**Data below:**
┄┄┄┄┄┄┄┄┄┄
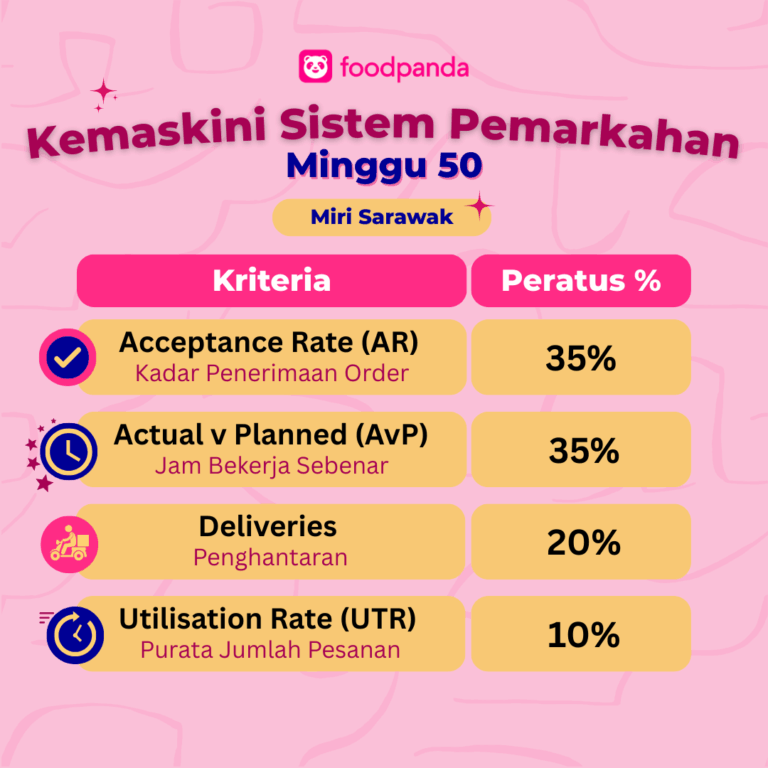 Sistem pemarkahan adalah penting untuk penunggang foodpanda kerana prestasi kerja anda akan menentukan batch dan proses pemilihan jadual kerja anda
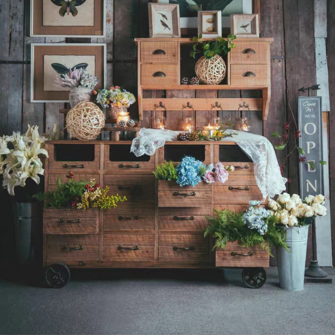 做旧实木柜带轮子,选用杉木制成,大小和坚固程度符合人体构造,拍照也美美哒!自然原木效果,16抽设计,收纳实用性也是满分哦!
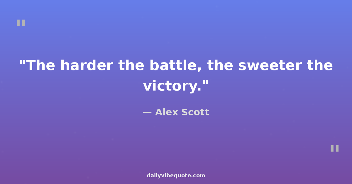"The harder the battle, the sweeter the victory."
┄┄┄┄┄┄┄┄┄┄
**How to complete this task:** Print every line of the material above exactly as it reads, skipping the pictures.

**Result of this exercise:**
 Sistem pemarkahan adalah penting untuk penunggang foodpanda kerana prestasi kerja anda akan menentukan batch dan proses pemilihan jadual kerja anda
 做旧实木柜带轮子,选用杉木制成,大小和坚固程度符合人体构造,拍照也美美哒!自然原木效果,16抽设计,收纳实用性也是满分哦!
"The harder the battle, the sweeter the victory."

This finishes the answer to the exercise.